(Beginning of Supplied material)
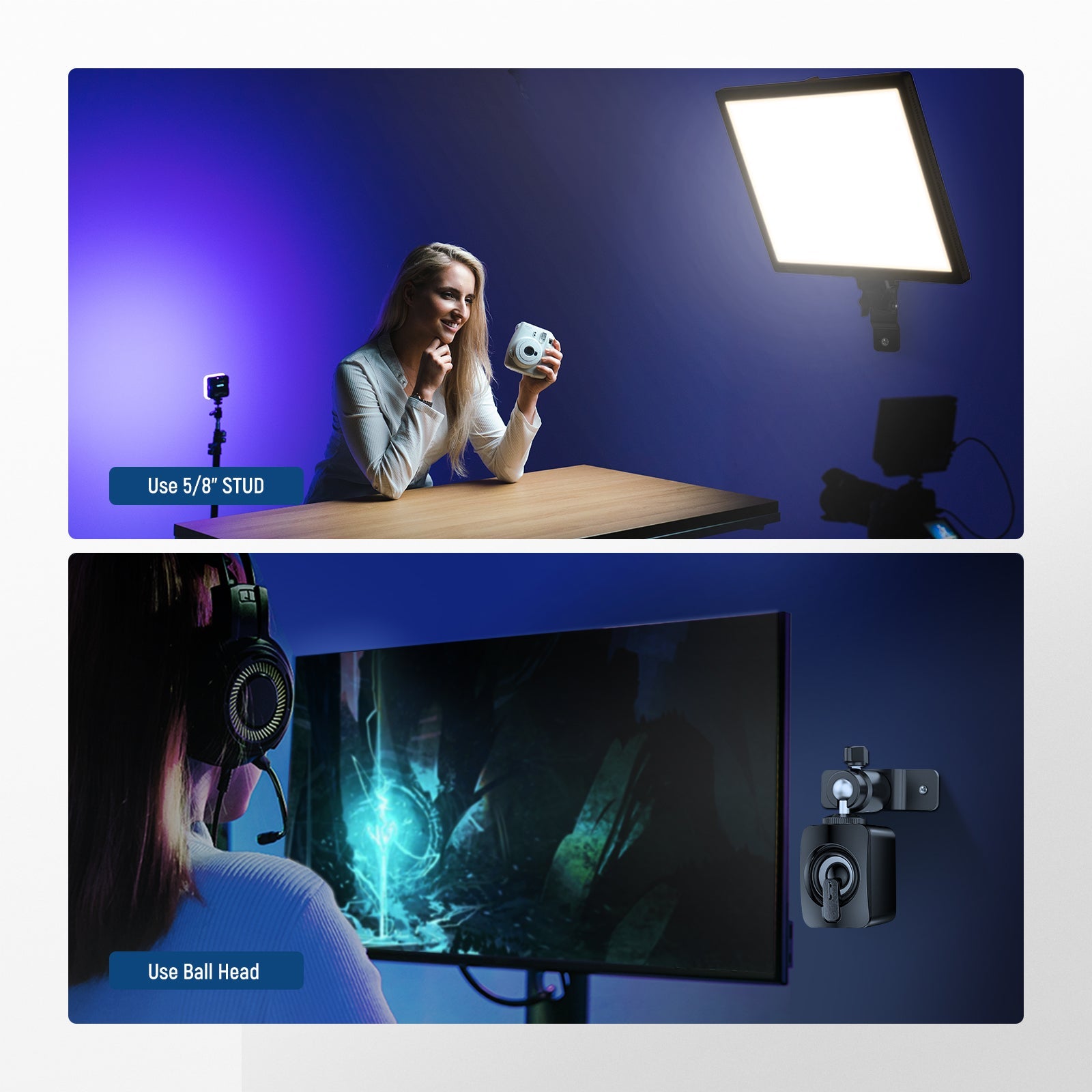 - Tornillo de 1/4" y perno de 5/8" : el soporte cuenta con un perno de 5/8" y un tornillo de 1/4", lo que lo hace compatible con varios tipos de equipos, incluidas luces anulares, iluminación de estudio, luces de video LED y luces estroboscópicas. , cámaras, monitores
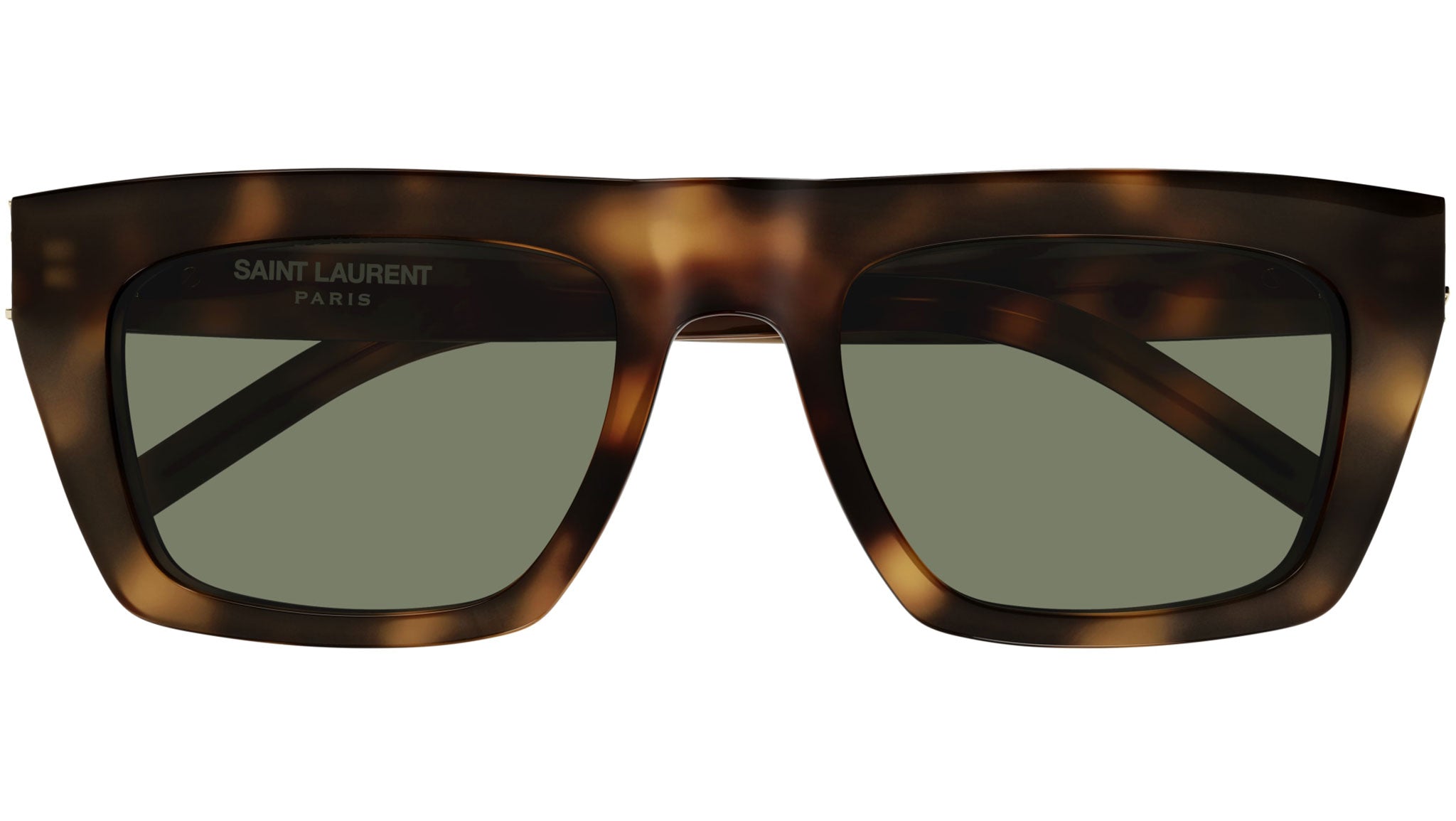Saint Laurent sunglasses model SL M131 Classic line color code 003 medium shiny havana in recycled acetate, rectangle shape with solid green lenses.
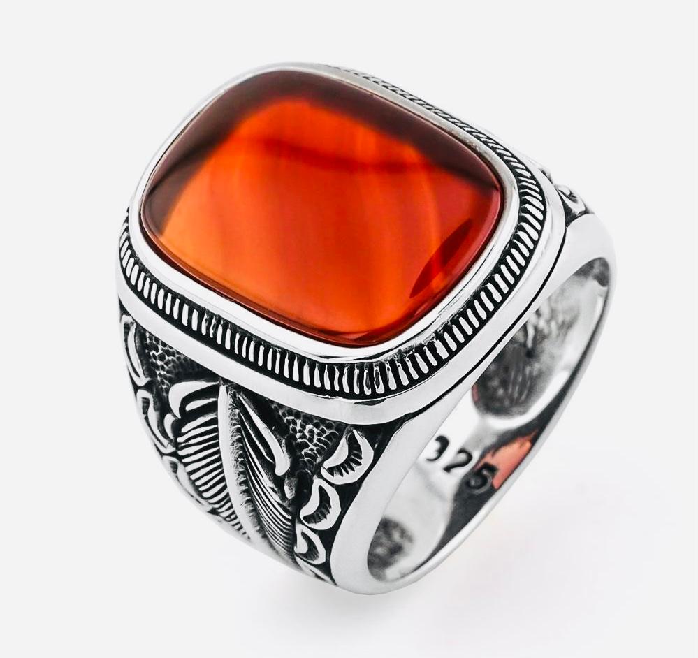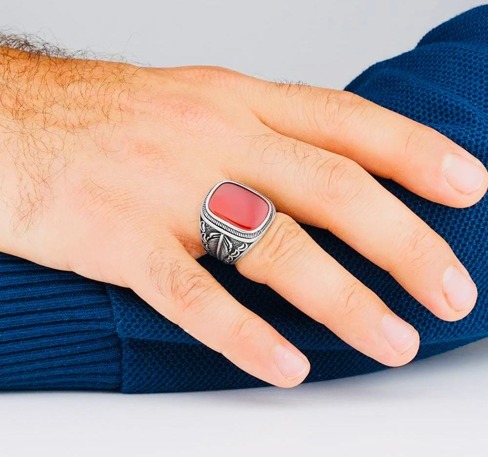 Product Details: • Material: 925 sterling silver • Stone: Red Agate • Stone color: Red • Stone size: 1.8 cm x 1.4 cm • Weight: approx. 13.3 g (may vary by size) • Finish: Polished • Origin: Turkey • Comes in a gift-ready ring box
(End of Supplied material)
● **Work task**
Exactly as written, set down the lines from the line holding "Saint Laurent sunglasses" to the last line of the data, both ends included, pictures excluded.

● **Solution for this exercise**
Saint Laurent sunglasses model SL M131 Classic line color code 003 medium shiny havana in recycled acetate, rectangle shape with solid green lenses.
 Product Details: • Material: 925 sterling silver • Stone: Red Agate • Stone color: Red • Stone size: 1.8 cm x 1.4 cm • Weight: approx. 13.3 g (may vary by size) • Finish: Polished • Origin: Turkey • Comes in a gift-ready ring box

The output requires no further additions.